→ Task requirements: Find the line with "Departamento Lujoso 1" in the records below. Copy it and every line after it, up to and including the line with "Kenya’s President William".

→ Material shown:
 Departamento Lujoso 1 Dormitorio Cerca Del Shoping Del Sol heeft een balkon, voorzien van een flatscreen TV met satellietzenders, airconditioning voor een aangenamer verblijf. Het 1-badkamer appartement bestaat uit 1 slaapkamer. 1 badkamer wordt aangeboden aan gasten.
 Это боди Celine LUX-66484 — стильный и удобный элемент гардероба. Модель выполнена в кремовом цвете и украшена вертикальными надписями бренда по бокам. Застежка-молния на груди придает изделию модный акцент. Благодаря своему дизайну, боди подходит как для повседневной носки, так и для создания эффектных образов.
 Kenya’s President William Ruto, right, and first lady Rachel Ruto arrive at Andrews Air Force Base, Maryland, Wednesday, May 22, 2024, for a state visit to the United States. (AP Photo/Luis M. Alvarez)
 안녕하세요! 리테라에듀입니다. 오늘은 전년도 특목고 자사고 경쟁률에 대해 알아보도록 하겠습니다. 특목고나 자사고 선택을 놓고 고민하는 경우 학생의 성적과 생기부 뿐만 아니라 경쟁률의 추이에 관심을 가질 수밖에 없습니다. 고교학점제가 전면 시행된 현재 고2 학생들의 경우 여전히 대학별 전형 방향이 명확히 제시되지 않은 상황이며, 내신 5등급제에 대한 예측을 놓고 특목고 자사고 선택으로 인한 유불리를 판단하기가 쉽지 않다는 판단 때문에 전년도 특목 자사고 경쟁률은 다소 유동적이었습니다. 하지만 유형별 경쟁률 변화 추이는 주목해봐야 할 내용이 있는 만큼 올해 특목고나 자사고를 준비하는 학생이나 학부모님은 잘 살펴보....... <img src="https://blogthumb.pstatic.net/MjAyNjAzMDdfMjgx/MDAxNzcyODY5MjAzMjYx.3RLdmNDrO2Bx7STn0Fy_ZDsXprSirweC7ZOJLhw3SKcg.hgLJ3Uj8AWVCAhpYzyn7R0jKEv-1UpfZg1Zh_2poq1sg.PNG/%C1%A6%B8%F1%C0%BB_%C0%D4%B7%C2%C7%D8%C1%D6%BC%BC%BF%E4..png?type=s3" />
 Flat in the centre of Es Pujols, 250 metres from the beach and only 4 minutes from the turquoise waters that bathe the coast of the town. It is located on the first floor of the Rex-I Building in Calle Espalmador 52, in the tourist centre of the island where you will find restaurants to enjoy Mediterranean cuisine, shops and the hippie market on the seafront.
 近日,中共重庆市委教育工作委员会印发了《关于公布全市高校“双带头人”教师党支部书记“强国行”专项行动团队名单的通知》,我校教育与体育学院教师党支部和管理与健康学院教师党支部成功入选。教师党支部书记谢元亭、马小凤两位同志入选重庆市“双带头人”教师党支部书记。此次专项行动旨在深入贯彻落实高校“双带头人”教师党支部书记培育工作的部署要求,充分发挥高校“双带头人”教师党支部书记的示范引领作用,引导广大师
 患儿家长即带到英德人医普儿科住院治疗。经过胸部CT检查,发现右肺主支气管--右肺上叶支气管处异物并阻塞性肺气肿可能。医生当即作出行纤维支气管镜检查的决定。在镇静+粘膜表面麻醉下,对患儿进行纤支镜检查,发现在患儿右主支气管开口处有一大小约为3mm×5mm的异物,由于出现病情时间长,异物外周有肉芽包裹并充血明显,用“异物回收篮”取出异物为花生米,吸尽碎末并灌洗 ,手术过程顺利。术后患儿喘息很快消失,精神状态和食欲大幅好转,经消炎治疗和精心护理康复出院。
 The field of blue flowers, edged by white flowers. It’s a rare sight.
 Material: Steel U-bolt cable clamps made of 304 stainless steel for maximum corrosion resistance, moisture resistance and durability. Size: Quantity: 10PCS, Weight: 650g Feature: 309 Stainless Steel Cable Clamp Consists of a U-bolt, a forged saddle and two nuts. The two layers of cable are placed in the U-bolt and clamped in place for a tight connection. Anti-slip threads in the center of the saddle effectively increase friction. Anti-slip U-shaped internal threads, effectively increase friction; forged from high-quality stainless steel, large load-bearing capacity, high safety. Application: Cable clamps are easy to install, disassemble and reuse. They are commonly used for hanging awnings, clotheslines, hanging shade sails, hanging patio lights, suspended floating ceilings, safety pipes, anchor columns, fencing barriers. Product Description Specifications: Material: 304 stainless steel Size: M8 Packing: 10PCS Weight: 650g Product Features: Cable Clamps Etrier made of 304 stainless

* * *

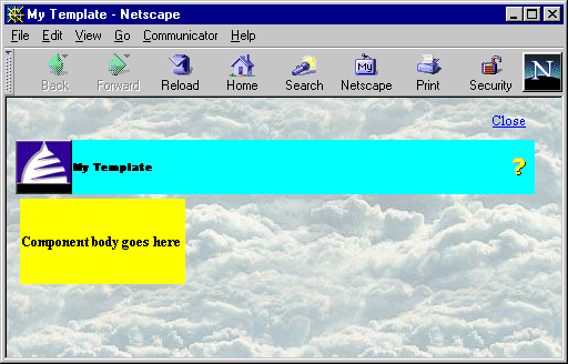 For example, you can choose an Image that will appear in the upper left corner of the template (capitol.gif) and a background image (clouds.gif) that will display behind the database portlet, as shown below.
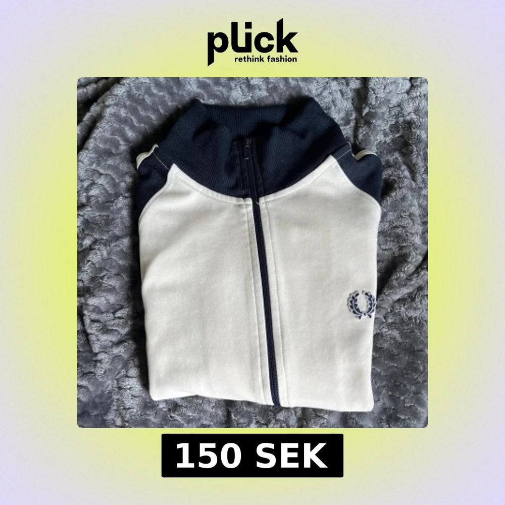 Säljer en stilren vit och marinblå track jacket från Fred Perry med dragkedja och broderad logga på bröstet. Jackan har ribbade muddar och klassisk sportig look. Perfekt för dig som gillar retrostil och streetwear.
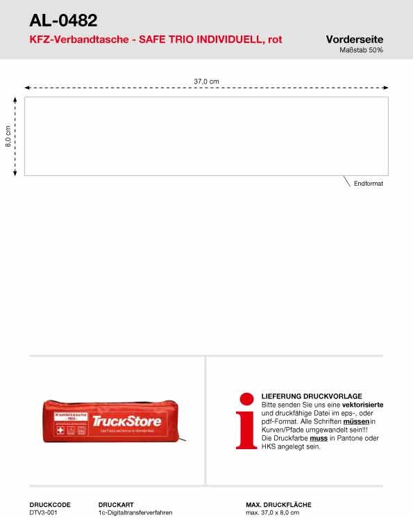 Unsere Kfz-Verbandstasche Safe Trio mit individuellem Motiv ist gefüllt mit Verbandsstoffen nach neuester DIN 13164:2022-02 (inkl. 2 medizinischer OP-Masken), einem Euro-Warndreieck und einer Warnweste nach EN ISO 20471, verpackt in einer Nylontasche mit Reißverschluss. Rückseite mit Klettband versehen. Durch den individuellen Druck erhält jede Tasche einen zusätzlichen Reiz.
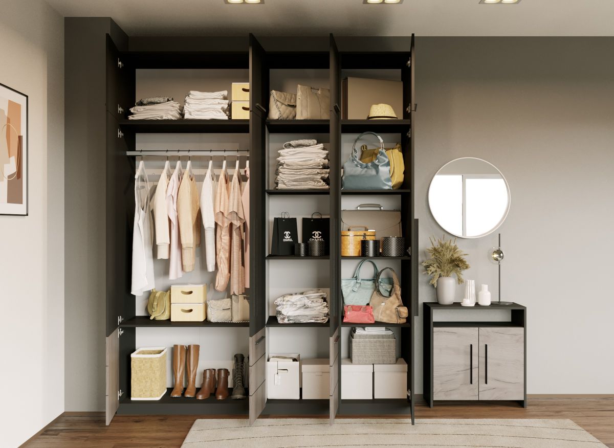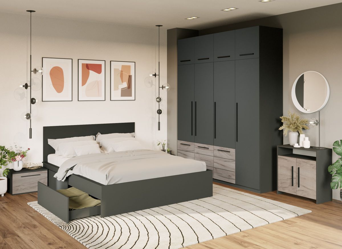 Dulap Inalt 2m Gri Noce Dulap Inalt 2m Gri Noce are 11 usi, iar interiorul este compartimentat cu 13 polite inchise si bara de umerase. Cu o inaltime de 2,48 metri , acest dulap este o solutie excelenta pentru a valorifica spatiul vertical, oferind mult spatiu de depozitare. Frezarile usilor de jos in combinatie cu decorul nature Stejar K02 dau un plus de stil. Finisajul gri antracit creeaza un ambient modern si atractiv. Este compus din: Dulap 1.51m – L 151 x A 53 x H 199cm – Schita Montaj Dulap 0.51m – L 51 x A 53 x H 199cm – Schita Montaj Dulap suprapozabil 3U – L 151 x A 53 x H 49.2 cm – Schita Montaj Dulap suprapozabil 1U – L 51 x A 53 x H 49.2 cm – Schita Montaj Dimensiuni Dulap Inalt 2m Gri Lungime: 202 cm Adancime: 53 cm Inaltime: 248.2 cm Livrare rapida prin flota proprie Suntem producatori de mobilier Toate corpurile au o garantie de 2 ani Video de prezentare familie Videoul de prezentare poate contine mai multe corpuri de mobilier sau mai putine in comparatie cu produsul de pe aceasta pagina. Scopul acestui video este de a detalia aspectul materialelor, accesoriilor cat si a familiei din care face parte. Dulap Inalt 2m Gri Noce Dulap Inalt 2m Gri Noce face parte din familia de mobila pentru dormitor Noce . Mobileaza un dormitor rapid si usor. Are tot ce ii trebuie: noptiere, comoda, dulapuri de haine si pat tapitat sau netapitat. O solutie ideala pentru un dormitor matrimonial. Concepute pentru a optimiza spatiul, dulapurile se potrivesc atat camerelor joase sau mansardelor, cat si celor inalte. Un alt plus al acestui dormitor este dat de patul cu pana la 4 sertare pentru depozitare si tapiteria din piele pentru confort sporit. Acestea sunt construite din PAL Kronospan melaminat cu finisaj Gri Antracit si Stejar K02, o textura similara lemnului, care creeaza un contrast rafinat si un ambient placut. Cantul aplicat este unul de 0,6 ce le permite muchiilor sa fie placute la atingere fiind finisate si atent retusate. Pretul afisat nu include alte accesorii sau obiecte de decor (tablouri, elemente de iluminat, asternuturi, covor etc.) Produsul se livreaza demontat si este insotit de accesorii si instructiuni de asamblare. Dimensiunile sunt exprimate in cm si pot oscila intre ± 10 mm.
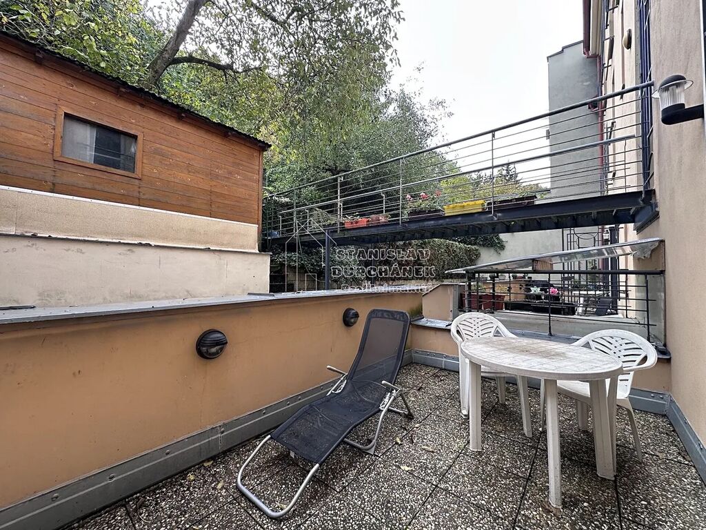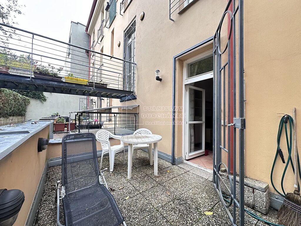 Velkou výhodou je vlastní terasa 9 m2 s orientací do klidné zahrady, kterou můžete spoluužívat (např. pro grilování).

→ Written answer:
 Departamento Lujoso 1 Dormitorio Cerca Del Shoping Del Sol heeft een balkon, voorzien van een flatscreen TV met satellietzenders, airconditioning voor een aangenamer verblijf. Het 1-badkamer appartement bestaat uit 1 slaapkamer. 1 badkamer wordt aangeboden aan gasten.
 Это боди Celine LUX-66484 — стильный и удобный элемент гардероба. Модель выполнена в кремовом цвете и украшена вертикальными надписями бренда по бокам. Застежка-молния на груди придает изделию модный акцент. Благодаря своему дизайну, боди подходит как для повседневной носки, так и для создания эффектных образов.
 Kenya’s President William Ruto, right, and first lady Rachel Ruto arrive at Andrews Air Force Base, Maryland, Wednesday, May 22, 2024, for a state visit to the United States. (AP Photo/Luis M. Alvarez)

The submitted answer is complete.